Building an Apify Actor

# src/main.py
from apify import Actor
import requests
from bs4 import BeautifulSoup

async def main():
    async with Actor:
        # Get input from the Apify platform
        actor_input = await Actor.get_input() or {}
        urls = actor_input.get("urls", ["https://news.ycombinator.com"])

        # Open a dataset to store results
        dataset = await Actor.open_dataset()

        for url in urls:
            Actor.log.info(f"Scraping {url}")

            response = requests.get(url, timeout=30, headers={
                "User-Agent": "Mozilla/5.0 (Windows NT 10.0; Win64; x64) Chrome/124.0.0.0"
            })
            soup = BeautifulSoup(response.text, "html.parser")

            items = []
            for link in soup.select(".titleline > a"):
                item = {
                    "title": link.text,
                    "url": link.get("href", ""),
                    "source": url,
                }
                items.append(item)

            # Push results to the dataset
            await dataset.push_data(items)
            Actor.log.info(f"Scraped {len(items)} items from {url}")

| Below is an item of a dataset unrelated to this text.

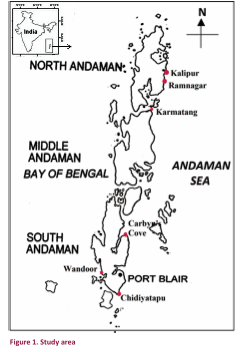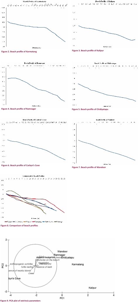 Kalipur, Ramnagar, Chidiyatapu, Carbyn’s Cove, and Wandoor were chosen as study sites. Beach slope, sand grain
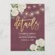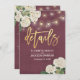 White hydrangea Floral Wedding Details Information Enclosure Card

        Actor.log.info("Scraping complete!")

Actor Input Schema

Define what inputs your Actor accepts:

{
    "title": "My Scraper Input",
    "type": "object",
    "schemaVersion": 1,
    "properties": {
        "urls": {
            "title": "URLs to scrape",
            "type": "array",
            "description": "List of URLs to scrape",
            "editor": "stringList",
            "default": ["https://news.ycombinator.com"]
        },
        "maxPages": {
            "title": "Max pages",
            "type": "integer",
            "description": "Maximum number of pages to scrape",
            "default": 10
        }
    },
    "required": ["urls"]
}

Deploy and Run

# Test locally
apify run

# Deploy to the Apify platform
apify push

# Run from the CLI
apify call my-scraper -i '{"urls": ["https://example.com"]}'

Using Apify's Proxy

Apify provides built-in proxy management:

from apify import Actor
import requests

async def main():
    async with Actor:
        # Get proxy configuration
        proxy_config = await Actor.create_proxy_configuration(
            groups=["RESIDENTIAL"],
            country_code="US",
        )

        proxy_url = await proxy_config.new_url()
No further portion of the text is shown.